On March 1, 2013 Russia assumed the rotating presidency of the UN Security Council. Our work in the UN Security Council will be founded in the principles of guaranteeing equality, mutual respect and non-interference in states’ domestic affairs, and we will focus on the need to settle conflicts peacefully, promote cooperation in strict adherence with the UN Security Council Charter, and strengthen the legal foundation of international relations.
March is set to be a busy time for the Security Council, as we can see from its extensive agenda and the large number of documents waiting to be adopted.
The Russian presidency’s main theme will be the settlement in Afghanistan. This country is entering a crucial stage of its development – one that will require renewed efforts from the Afghan people themselves, in addition to a consolidation of the assistance offered by the international community, with the UN playing a central coordinating role.
On March 19, Russian Foreign Minister Sergey Lavrov will chair an open UN Security Council session on the situation in Afghanistan. Foreign Ministers from UN Security Council member-states and Afghanistan have been invited to attend. We expect that the UN Secretary General, Afghanistan’s neighboring countries, important partners and donors, active participants in international efforts to stabilize the country will all contribute to the discussion. The UN Security Council resolution to extend the United Nations Assistance Mission in Afghanistan (UNAMA) mandate is also set to be adopted.

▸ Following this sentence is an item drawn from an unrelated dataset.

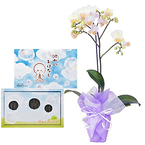 丸叶むらたのお線香 沢山のおはなし 16本入 文字の浮き出るお香 ミディ胡蝶蘭 1本立ち リトルスノウ 白色 陶器鉢 お供えラッピング セット

Russian presidency will also focus on issues relating to the Middle East and the Quartet’s further efforts to help reach a comprehensive settlement in the region.

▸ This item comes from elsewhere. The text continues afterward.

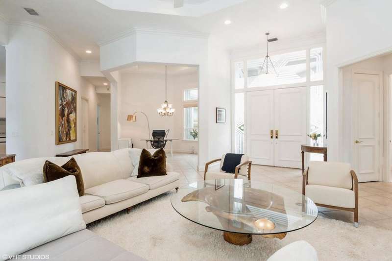Welcome to Old Trail in Ranch Colony - Jupiters hidden gem for golf and nature enthusiasts. Behind a paved circular driveway, this 3-bedroom, 2.5-bath single-family home offers the perfect balance of privacy and comfort. Located in a 24/7 manned-gate community, residents enjoy both peace of mind and the relaxed charm of wide-open green spaces. The home features a lush tropical entryway, soaring ceilings, and elegant crown molding. The whole-house generator and 2018 roof provide convenience and comfort, while the screened pool and private backyard invite you to unwind and enjoy beautiful sunsets. Golfers will enjoy the short golf cart ride to Jonathans Landings Old Trail Courses as well as the Dye Preserve Golf Course. I-95/Turnpike, beaches, and restaurants are a short ride away -

We will also focus attention on the Kosovo settlement.
UN Security Council members will consider the implementation of the Resolution 1701 on Lebanon; discuss the developments in the Golan Heights within the context of the UN Disengagement Observer Force’s activities in the region, and the current state of affairs in Iraq and Yemen.
The situation in Libya and the Libyan sanctions regime will also be up for discussion. We are planning to further extend the mandate for the UN Support Mission in Libya.
The UN Security Council will continue to work on relations between Sudan and South Sudan, discussing the situation in South Sudan as well as the activities of the UN peacekeeping mission deployed there.
The mandate of the UN Integrated Peacebuilding Office in Sierra Leone is set to be extended, and both progress in post-conflict settlement and stabilization in Liberia and the implementation of the UN Security Council decisions for Guinea-Bissau will both be discussed.
Work carried out by the UN Security Council Committees on Iran sanctions, on Somalia and Eritrea will also be on the agenda.
The UN Security Council members will discuss scenarios for further assistance in resolving the crisis in Mali, taking into account the UN Secretary General’s report.
Russia will do its utmost to ensure that the UN Security Council continues to be well-coordinated and effective in its operations.